I showed her my cop badge, reading her name on the tap of her shirt. "Mrs. Lindsay, I'm an FBI agent. I need to ask you a few questions."

She straightened up immediately, flushing slightly. "Mr. Officer, h-how can I help you?"

I looked at Gloria beside me, asking her for the drawing. She handed it to me, her hands trembling nervously. "I need to know if this woman was in this establishment on September 5 at ten o'clock for an appointment with Doctor Grey, please."

She looked down at the photo. "What's her name, please?"

"We don't know the woman's name. That's why we gave you the drawing." Gloria stated, clenching her hands repeatedly to stop them from trembling. Mary appeared beside her in a second, clapping hold of her hands and squeezing them. She smiled comfortingly at her. It was as though she was telling her something only Gloria could understand.

The receptionist righted her glasses, arching us an eyebrow. She shook her head tenuously and looked up at me. "I need her name. Otherwise, I can't find her file. I'm sorry."

I cursed inwardly and leaned over the balcony. "Just look out for Doctor Grey's patients on September 5 and try to find someone who matches this woman's appearance. We just want to know if she was here that day."

She nodded quietly, typing on her keyboard, her eyes diverting to the drawing every three seconds. I darted my eyes to Mary and Gloria, who were holding hands and looking expectantly at the receptionist. I twisted the ring on my finger, my stomach pinching in anticipation.
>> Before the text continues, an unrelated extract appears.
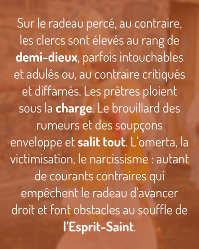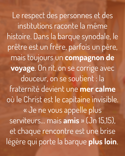 Le respect des personnes et des institutions raconte la même histoire. Dans la barque synodale, le prêtre est un frère, parfois un père, mais toujours un compagnon de voyage. On rit, on se corrige avec douceur, on se soutient : la fraternité devient une mer calme où le Christ est le capitaine invisible. « Je ne vous appelle plus serviteurs… mais amis » (Jn 15,15), et chaque rencontre est une brise légère qui porte la barque plus loin. Sur le radeau percé, au contraire, les clercs sont élevés au rang de demidieux, parfois intouchables et adulés ou, au contraire critiqués et diffamés. Les prêtres ploient sous la charge. Le brouillard des rumeurs et des soupçons enveloppe et salit tout. L’omerta, la victimisation, le narcissisme : autant de courants contraires qui empêchent le radeau d’avancer droit et font obstacles au souffle de l’Esprit-Saint.

"I'm sorry," Lindsay lamented. "No one seems to match that woman's appearance."

"Then look at the other days. She has to be one of her patients."

"Mr. Officer, with all due respect, Doctor Grey's patients are almost countless. You can't expect me to look out for this woman in the middle of all those files. It would take days. If only you knew her name it would be much easier."

"But we don't know her name," It was Mary's turn to interject, a muscle twisting involuntarily at the corner of her eye. "Can you please call Doctor Grey then? She might recognize her from one of her patients."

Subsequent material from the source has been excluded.